OPINION OF SHEPPARD, MULLIN, RICHTER & HAMPTON LLP

June 13, 2013

Diodes Incorporated

4949 Hedgcoxe Road, Suite 200

Plano, TX 75024

 

  Re: Registration Statement on Form S-8

Ladies and Gentlemen:

We have acted as special counsel to Diodes Incorporated, a Delaware corporation (the “Company”), in connection with the filing of a Registration Statement on Form S-8 (the “Registration Statement”) under the Securities Act of 1933, as amended, with respect to 5,000,000 additional shares of the Company’s common stock, $0.66 2/3 par value per share (the “Additional Shares”), reserved for issuance pursuant to the Company’s 2001 Omnibus Equity Incentive Plan as amended as of May 28, 2009 (the “Amended Plan”). This opinion is being furnished in accordance with the requirements of Item 8 of Form S-8 and Item 601(b)(5)(i) of Regulation S-K.

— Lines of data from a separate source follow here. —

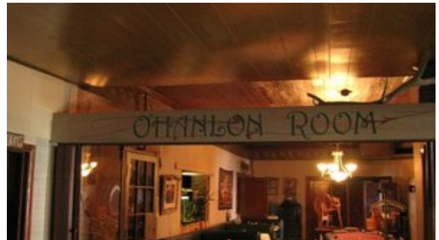
Olde Main Street Inn
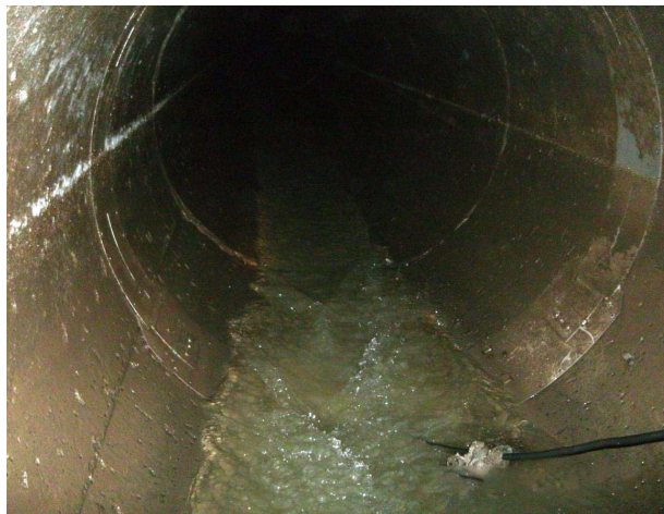
View of flow inside the pipe

This site, in a sanitary sewer, had two options for flow monitoring applications. The first application was in front of an overflow bypass gate where standard area velocity flow monitoring technologies were installed and working, but only intermittently. When the gate closed, the water surcharged the pipe until it overflowed into the bypass weir. The AV sensor was no longer able to read the bypass flow because the water at the bottom of the channel was no longer flowing. Another challenge was with the pipe joints creating turbulence.
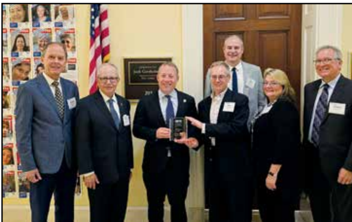
Meeting with Representative Josh Gottheimer of New Jersey.
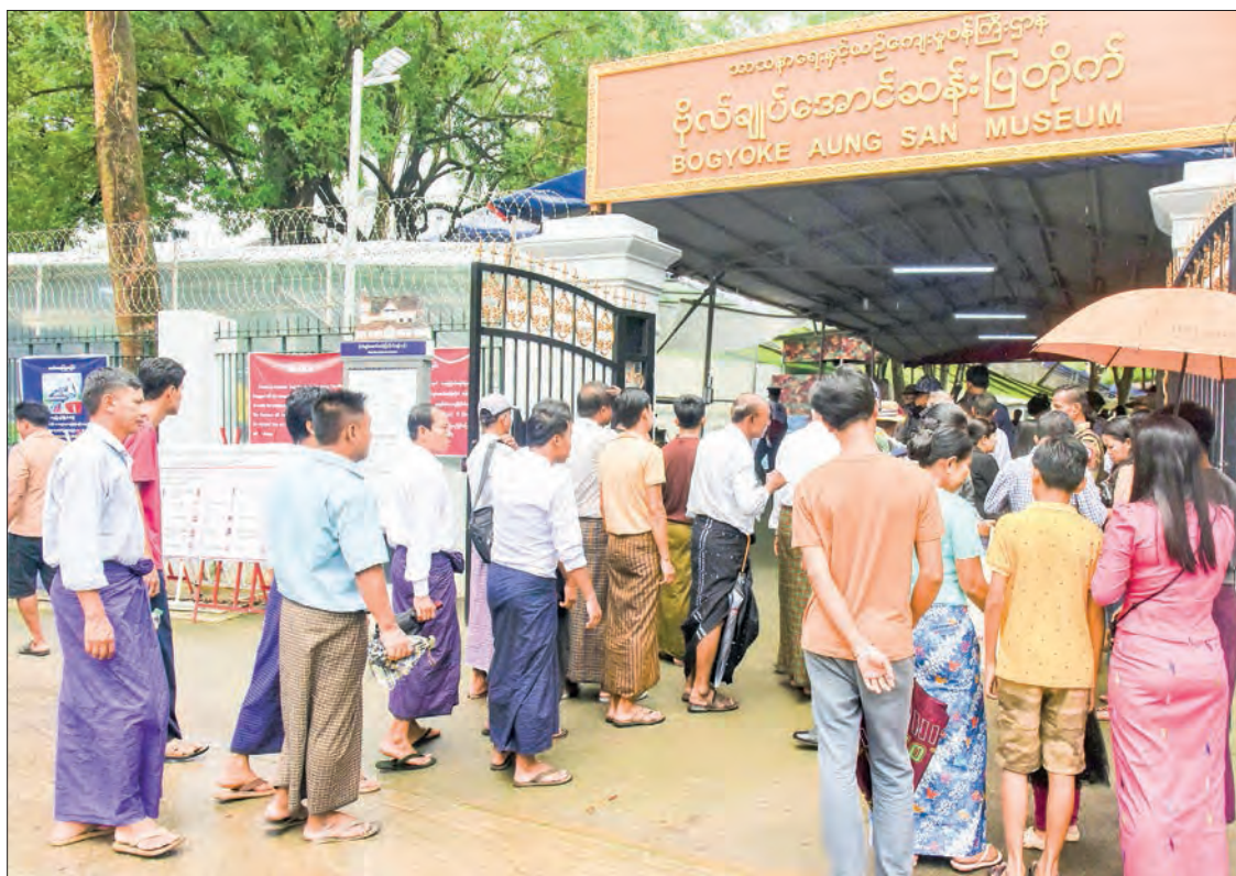
Visitors explore the displays at the Bogyoke Aung San Museum (above and left) yesterday.
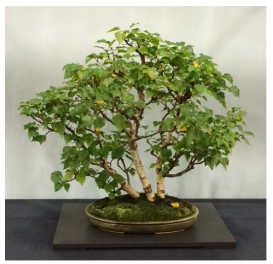
White Birch Clump by Cyril Grum

A single white birch, betula sp., with a white trunk was collected in March 1994 in a wetlands area in southern Michigan. One year later two root suckers sprung up and turned white after about a decade, giving the composition three white trunks. This unusual specimen for bonsai responds well to removing all initial buds in the spring. This birch is displayed in a Joel Sampson container of Copper Crane Pottery, Lanesboro, Minnesota on a wooden stand with black stain by Bill Sloan.
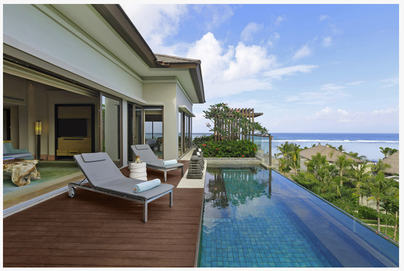
Celebrate the most special day of your life in our Sky Villa
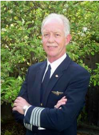
Captain Chesley Sullenberger
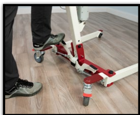
Foot pedal base width adjustment.
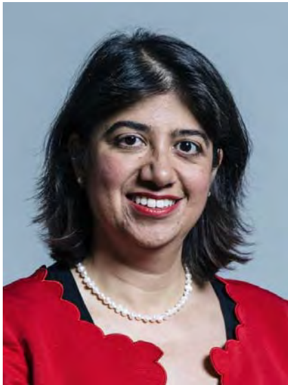
Seema Malhotra MP Co-chair of the APPGAT
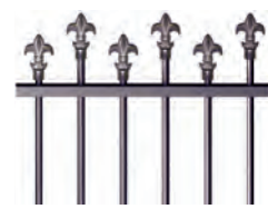
6. HI-LO SPEAR
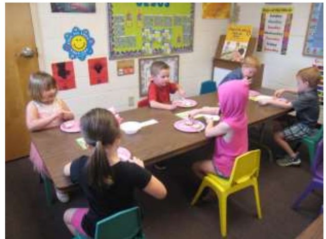
Creating our cookies for mom!

How fun to have our mom (and grandma) join each child for a special Mother's Day celebration on Friday. We enjoyed singing, snacking, and playing MOMMY-O BINGO!
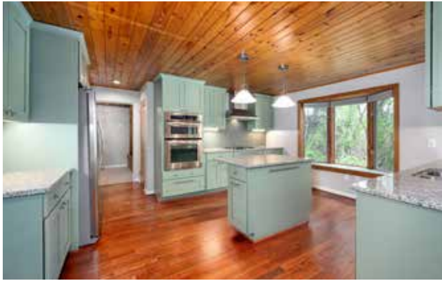
Pine Ceiling Extends Into the Kitchen
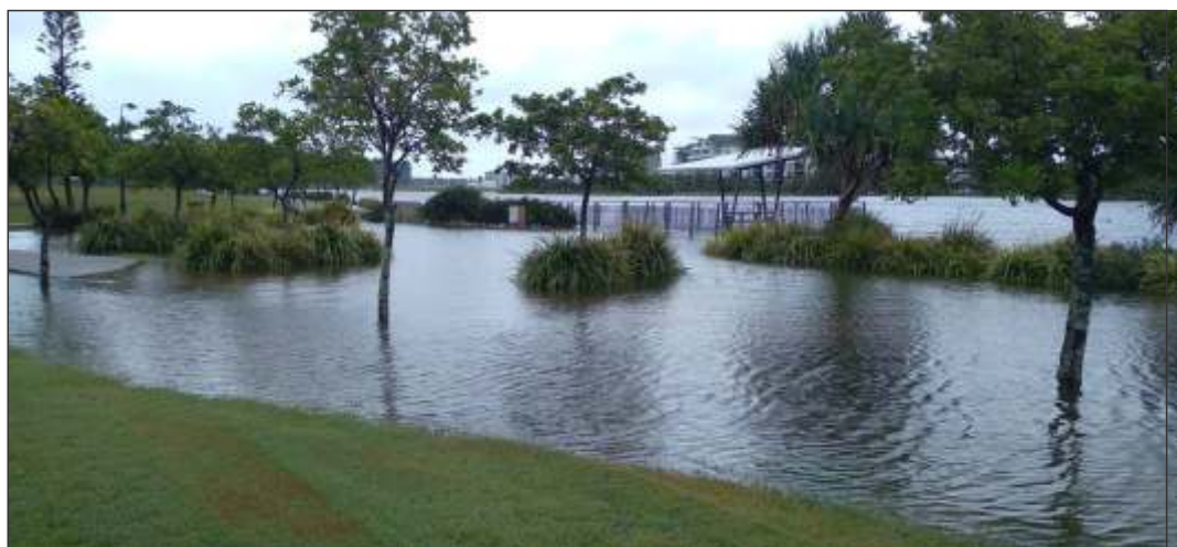
Moderate flooding in Lake Kawana

We all know that extreme weather events have an enormous social and economic cost for Australia.
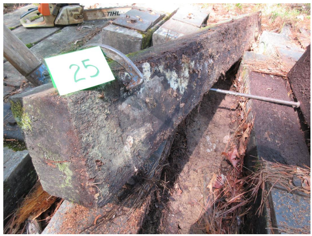
A5 – Tie #25 (Turada) with decay on bottom and side.
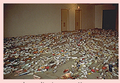
n.paradoxa online issue no.5 Nov 1997

In Collective Dreams , for example, which was part of the Out of the White Space activity during the Hong Kong Art Festival in February 1996, this work actively emphasised the relationship between society, environment and the masses. It reminded me of the close relation between boats and Hong Kong. Boats could be the
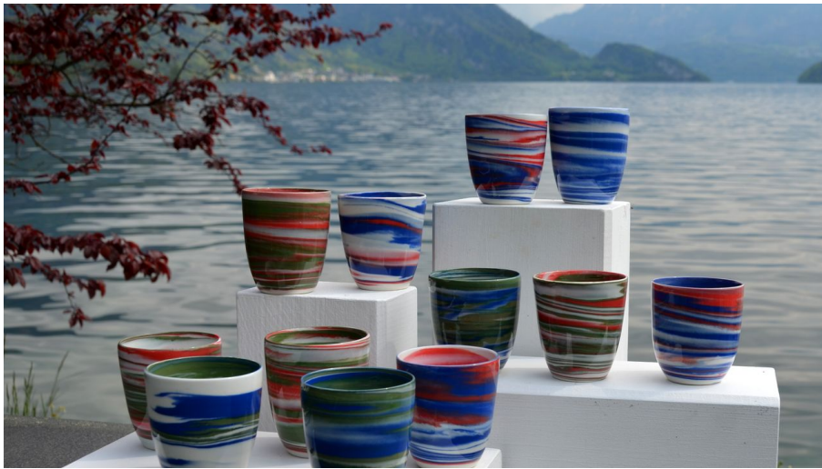
Pottery by the lake - © Töpferei am See
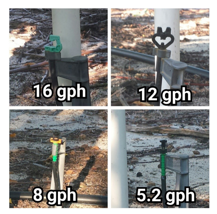
Figure 3. Examples of micro-sprinkler heads used for irrigation in peaches.

Peach trees in Florida are irrigated using micro-sprinklers, usually one emitter per tree. Several micro-sprinklers with different flow rates and irrigation coverage are available in the market (Figure 3). As a general rule, the micro-sprinkler should cover 50% or more of the area under the tree canopy. However, up to 80% irrigation efficiency can be achieved by a well-maintained and managed micro-sprinkler irrigation system (Haman et al. 2005). Growers in Florida commonly irrigate early in the morning to reduce losses due to evaporation or wind, with two or three irrigation events per week. Micro-sprinklers are also used for freeze protection, which has become a common practice for many growers as an alternative to the traditional overhead high-volume sprinklers that growers have to remove for pruning (Figure 4).
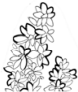
RODAMONTE ESCALLONIA MYRTILLOIDES
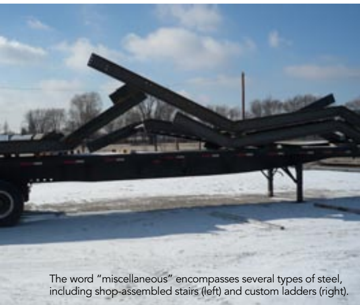
The word “miscellaneous” encompasses several types of steel, including shop-assembled stairs (left) and custom ladders (right).

The miscellaneous metals specialty has been in existence as long as construction in general but began in earnest with the development of cast iron at the beginning of the industrial revolution. Indeed, the first iron bridge built in the world, in 1779 in Coalbrookdale, England—which still exists today and is a national monument (now called Ironbridge)—is a large ornamental iron structural frame comprised of castings produced by the Darby Iron-
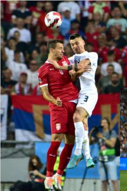
Slovenia vs Serbia (2:2) UEFA Nations League 06 December 2022, Ljubljana
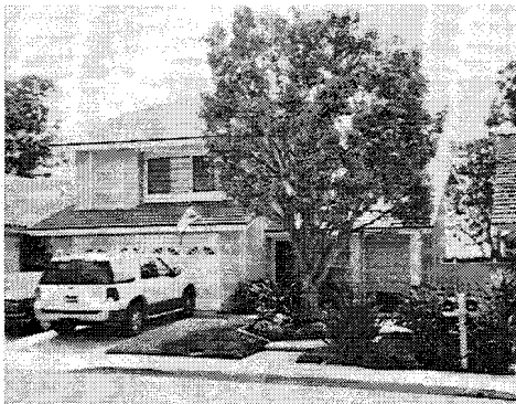
The Hunsucker residence of 35 Diamante
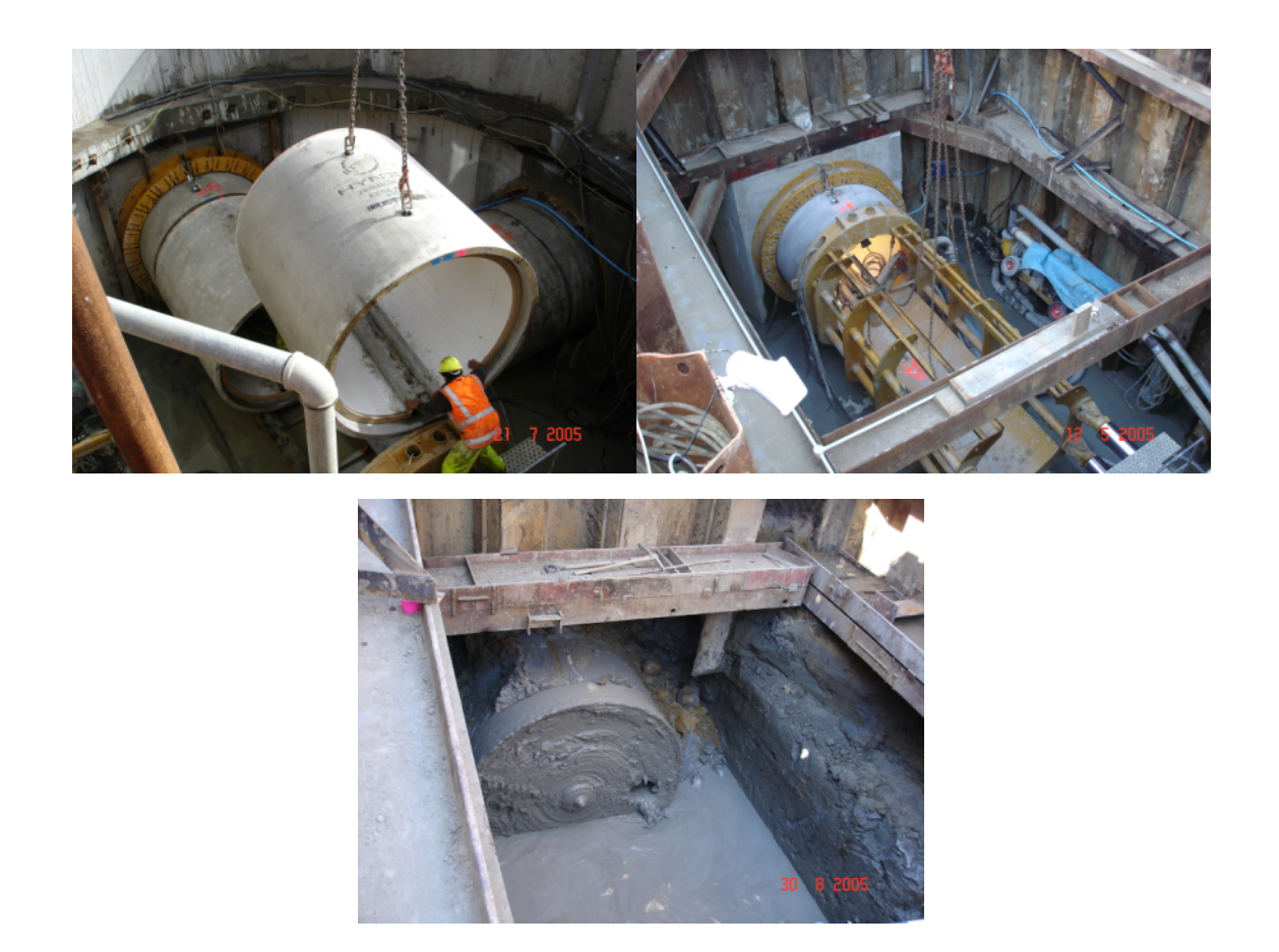
Photographs 1 to 3: Browns Bay 2.1m diameter pipeline - Installing Pipes Prior Jacking / Jacking Shaft / Micro tunneling Machine Head Entering Reception Shaft
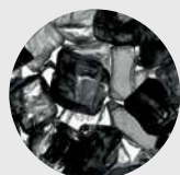
MQG5B Black Ember Glass
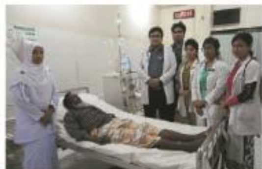
▶ Department of Nephrology (Haemodialysis Unit)
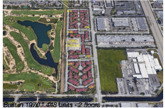
Built in 1970 = 448 units = 2 floors
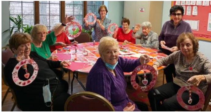
Members of the Wantagh Senior Center make Valentine's Day wreaths
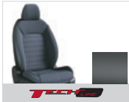
Premium Fabric Seats with Black Interior
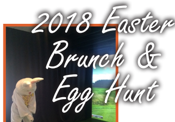
2018 Easter Brunch & Egg Hunt
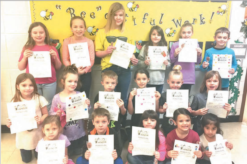
During the month of February, Southwest Elementary students were chosen to be "Peanuts Pal" Students of the Month. These students exhibited the character trait of trustworthiness.
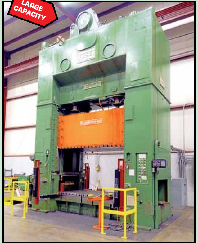
USI CLEARING MDL. SE4-600-108-60 STRAIGHT SIDE PRESS

We have reviewed the Company’s charter documents and the records of the corporate proceedings taken by the Company with respect to the establishment and subsequent amendment of the Amended Plan. With respect to the foregoing documents, we have assumed the genuineness of all signatures, the authenticity of all documents submitted to us as originals and the conformity to originals of all documents submitted to us as certified or reproduced copies. We also have relied upon certificates of officers of the Company and government officials as to certain factual matters in connection with this opinion and, insofar as this opinion is based on such matters of fact, we have relied on such certificates without independent investigation.

Based upon and subject to the foregoing, and the qualifications and limitations set forth below, it is our opinion that, if, as and when the Additional Shares are issued and sold (and proper and sufficient consideration therefor received and appropriate stock certificates therefor properly executed and delivered or, in the case of uncertificated shares, an appropriate notation made by the transfer agent in the Company’s stock transfer books and records) pursuant to the provisions of the Amended Plan and the relevant award agreements duly authorized in accordance with the Amended Plan, such Additional Shares will be validly issued, fully paid and non-assessable.

We express no opinion as to matters governed by any laws other than the Delaware General Corporation Law, the applicable provisions of the Delaware Constitution and reported decisions of the Delaware courts interpreting these laws.

This opinion letter is rendered as of the date first written above, and we disclaim any obligation to advise you of facts, circumstances, events or developments which hereafter may be brought to our attention and which may alter, affect or modify the opinion expressed herein. Our opinion is expressly limited to the matters set forth above, and we render no opinion, whether by implication or otherwise, as to any other matters relating to the Company, the Amended Plan, or the Additional Shares issuable under the Amended Plan.

We consent to the filing of this opinion letter as Exhibit 5.1 to the Registration Statement. In giving such consent, we do not hereby admit that we are in the category of persons whose consent is required under Section 7 of the Securities Act or the rules and regulations of the Commission.